Cuando el viajero que viene en la R2 Nord desde La Llagosta, Mollet, Granollers, Sant Celoni u otro municipio del Vallès llega a la estación de Montcada i Reixac se tiene que bajar del tren, salir de la estación y caminar hasta la estación de Montcada i Reixac-Manresa para seguir su trayecto hasta Barcelona a bordo de la línea R4. El camino incluye el paso por un angosto túnel bajo las vías incapaz de absorber al gran volumen de pasajeros que llega de golpe.
Según Renfe, el trayecto a pie se hace en cuatro minutos. Quizás alguien en buen estado de forma y con mucha prisa lo haga en ese tiempo, pero la realidad es que entre bajar del tren, salir del andén, caminar tres calles de Montcada y llegar a la otra estación, fácilmente se tarda ocho o diez minutos. Evidentemente, a ese tiempo hay que sumarle la espera hasta que pase el siguiente tren.

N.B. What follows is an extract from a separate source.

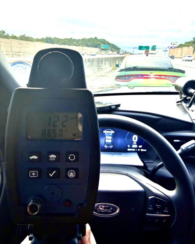 📸 What Happened: The Marietta Police Department shared a photo from inside a patrol vehicle showing a radar gun reading 122 mph. A brightly colored Dodge Challenger appears in the frame ahead of the officer’s vehicle on the highway.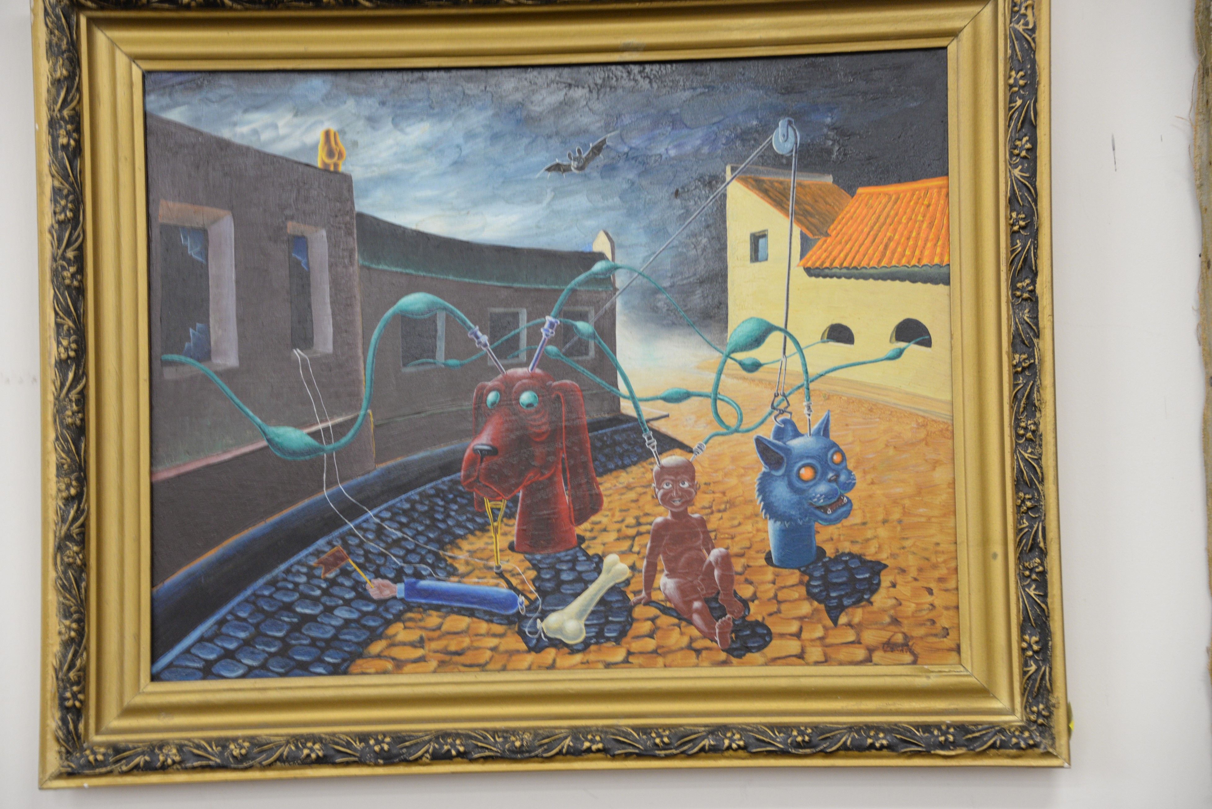 Five piece lot including 20th century town on ocean edge 8 x 10 oil on canvas bust of a boy 20 x 16 and three Russian oil on board Science Fiction abstract paintings, signed indistinctly lower right, 13 x 11, 16 x 20, and 11 x 9.

Renfe considera que esta opción es más rápida que el típico servicio alternativo con autocares supliendo el trayecto cortado ya que las obras de la Meridiana complican y alargan el tiempo de entrada a Barcelona por carretera.
Entre los viajeros afectados hay los que se conocen el camino de cortes anteriores en los que ya fue esta la solución. A los que les pilla por sorpresa y no se lo esperaban, se dejan llevar por la masa de pasajeros que va de una estación a otra. Tanto los habituales como los esporádicos coinciden en la sensación de que cuando no es una cosa, es otra y que ser usuario de Rodalies es un calvario mucho peor que trabajar en julio.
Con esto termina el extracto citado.